From left to right, Weber County Commissioners Jim Harvey, Gage Froerer and Scott Jenkins at the Weber Center in Ogden take part in a telephonic town hall on Jan. 29, 2020. They took questions via from the public via telephone and answered them. Nearly 2,000 people listened in, for at least part of it.

OGDEN — A telephonic town hall held last week by Weber County commissioners drew nearly 2,000 listeners.

It was a first for Weber County officials and a first for county-level government officials across the state, leaders say. They are thinking of doing it again, using it as a means to connect with the public.

“Speaking directly with voters while they are in the comfort of their own home was a huge hit,” Commissioner Jim Harvey said in a statement. “In the past, our public open houses have only averaged a handful of people in attendance. Having almost 2,000 people on this call is a huge win in helping us communicate with and report directly to our constituents.”

The county contracted with a vendor, Telephone Town Hall, that supplied the needed equipment and constituent contact information to reach out to Weber County residents via phone.

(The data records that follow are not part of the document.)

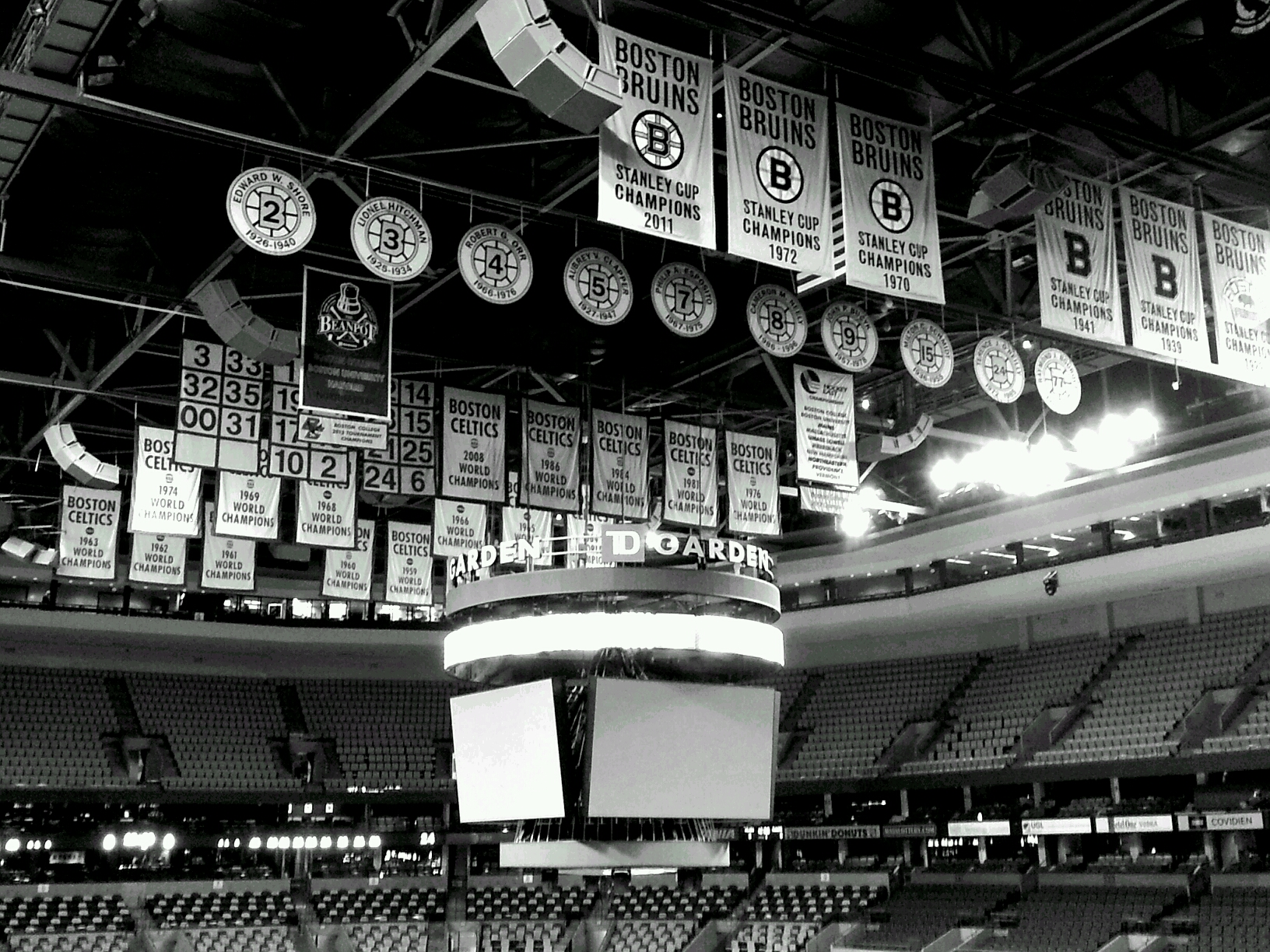 Not only do the Celtics have 17 championship banners hung way up in the rafters, but they also have 22 retired numbers. The most in the NBA. Along with Celtics banners, the Bruins have their six Stanley Cup banners hanging up along with 10 retired numbers. Not too shabby.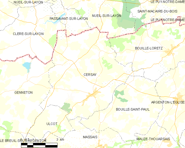 Map of French municipality Cersay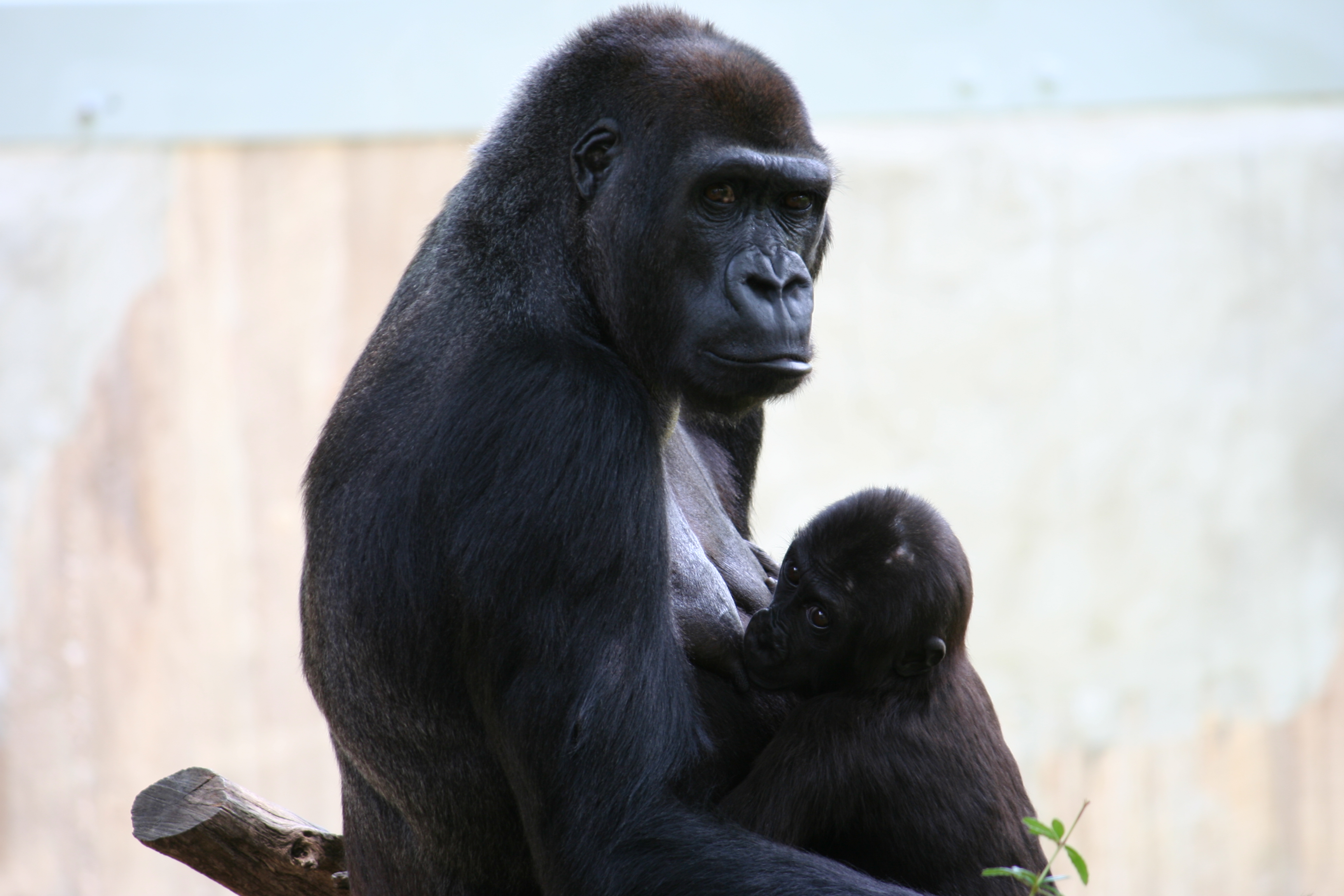 Mother and baby gorilla at the National Zoo in Washington, D.C.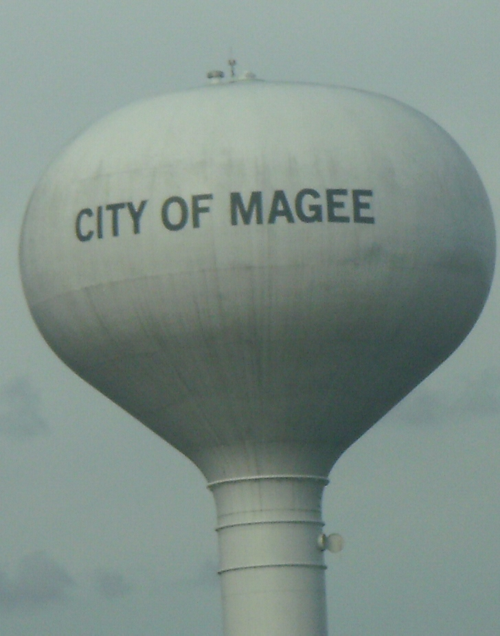 City of Magee water tower Magee,Mississippi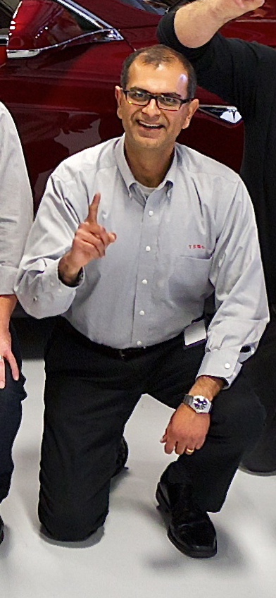 Deepak Ahuja. Chief Financial Officer, Tesla Motors. Tesla HQ Salute. With one finger up for the first Model S delivery, VIN 0001, at the Deer Park HQ. Driving inside is OK for an EV. =)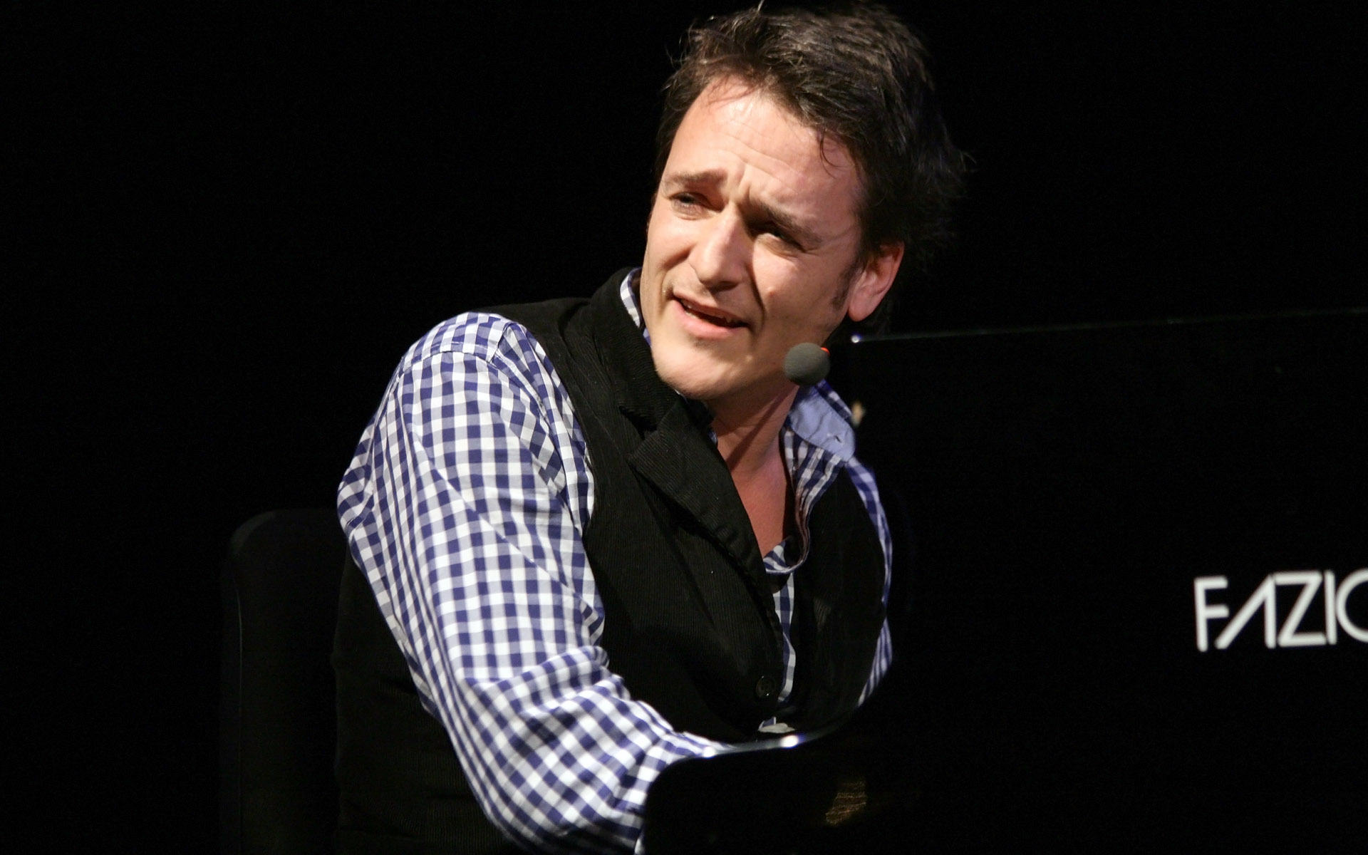 Austrian Cabaret Award (Porgy & Bess, Vienna).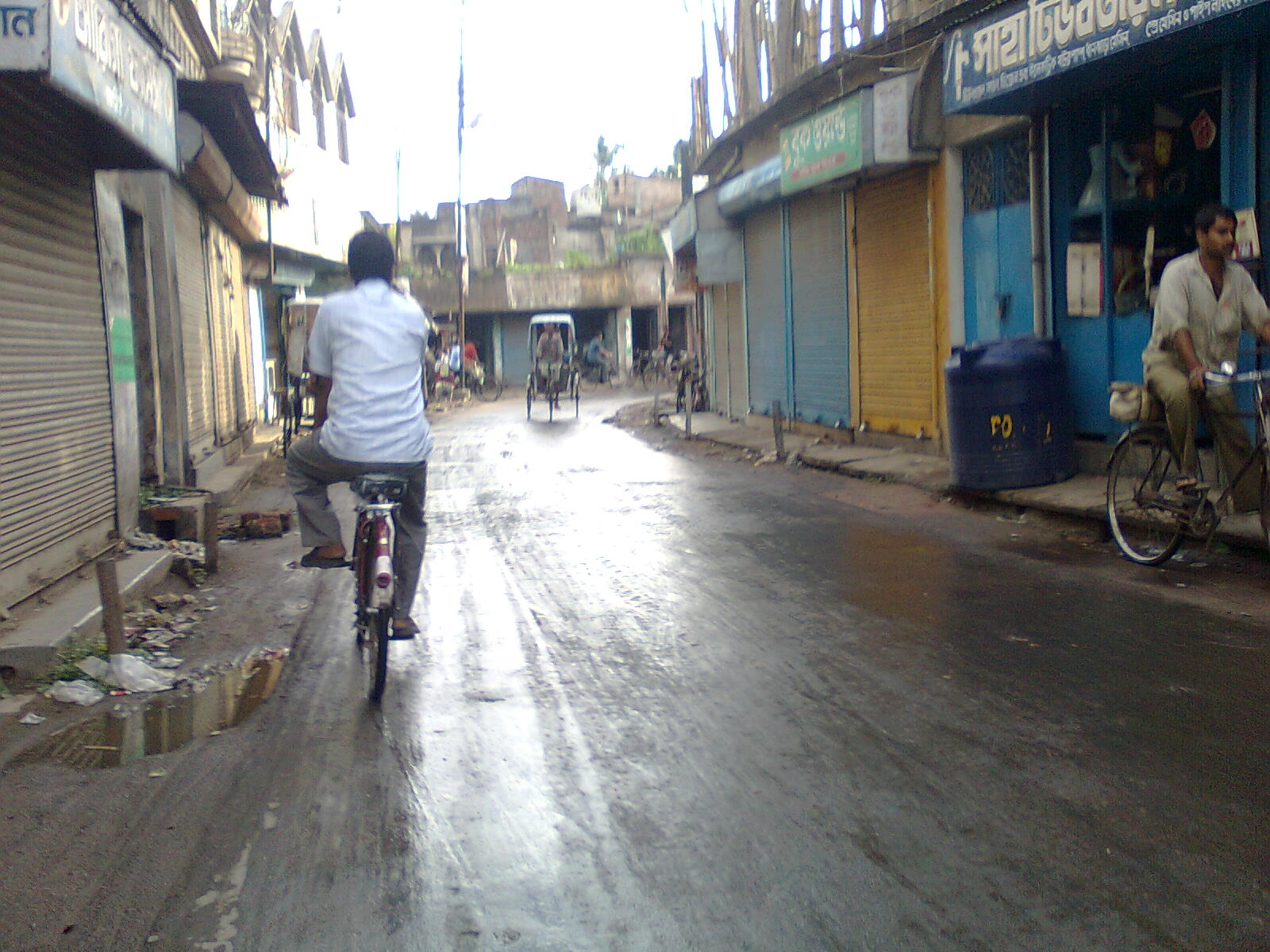 Ranaghat Street

Those taking part could listen in via phone and offer questions to commissioners as the officials answered the queries.

The actual number of listeners over the course of the town hall totaled 1,918, with an average listen time of nine minutes. The three commissioners, Harvey, Gage Froerer and Scott Jenkins, took the calls from a room at the Weber Center, the seat of county government in Ogden, and took turns answering them.

The topics ran the gamut, from economic development to population growth to three-commissioner style of government. In all, the commissioners took 24 questions and conducted four polls over about an hour. The county paid Telephone Town Hall $6,810 and because the county now has the equipment it needs, repeat telephonic town halls will be cheaper.